Contre l’écologie, les députés veulent renforcer l’arsenal pénal - La dérive périlleuse de l’État face aux contestations environnementales, et autres, par Charles-Elie Guzman (up-magazine.info)

29 Janvier 2021, 16:59pm

Publié par ERASME

" À l’initiative de Barbara Pompili, ministre de l’Écologie, une mission d’information parlementaire a été menée sur « les entraves à l’exercice de certaines activités légales », notamment l’agriculture, le commerce de viande, l’abattage et la chasse. L’objectif des députés est clair : accentuer la répression pénale des lanceurs d’alerte et des actions de désobéissance civile qui dénoncent entre autres l’utilisation des pesticides, l’élevage industriel et la chasse. Le rapport parlementaire présidé par le député Les Républicains Xavier Breton, et les deux rapporteurs, Martine Leguille-Balloy et Alain Perea, tous deux affiliés à La République en marche, a été adopté ce mardi 26 janvier. Sa lecture donne la nausée et augure d’un renforcement de l’arsenal autoritaire de l’État contre l’écologie.

Hasard du calendrier ou cynisme politique absolu, alors que le gouvernement se gargarise de mots sur la protection de la biodiversité ou la préservation du bien-être animal, un rapport parlementaire allant à contre-sens est adopté ; il propose un arsenal de mesures destinées à accentuer la pression pénale contre tous ceux qui informeraient, dénonceraient, alerteraient ou voudraient s’opposer à des pratiques contraires à l’environnement et au respect de la nature. Les militants antiglyphosate ou antichasse n’ont désormais qu’à bien se tenir. Ceux qui filment dans les abattoirs pour dénoncer des pratiques scandaleuses risquent maintenant la prison. Le voisin d’un agriculteur épandant des pesticides risque désormais gros s’il fait part de son mécontentement. S’il vous venait à l’idée de filmer une chasse à courre pour sensibiliser au bien-être animal, vous risquerez 1 an de prison et 45.000 € d’amende.
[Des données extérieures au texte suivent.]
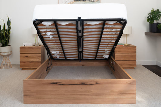 These timber bed frames are the perfect choice for your bedroom. Select from various  Australian-made timber bed frames, constructed with elegant hardwoods such as Victorian Ash, Tasmanian Oak, Mauri, and Messmate. Handmade in Australia by master craftsmen, there's nothing quite like these beds. We’re dedicated to sustainability, that's why with every furniture order placed, one tree will be planted in your honour.

Notre confrère Reporterre a analysé et publié ce rapport parlementaire adopté à la quasi-unanimité. Seuls trois parlementaires (Chantal Jourdan, Delphine Batho et Dominique Potier) ont voté contre la publication de ce document à charge, dont les recommandations visent à porter une nouvelle atteinte aux libertés fondamentales. "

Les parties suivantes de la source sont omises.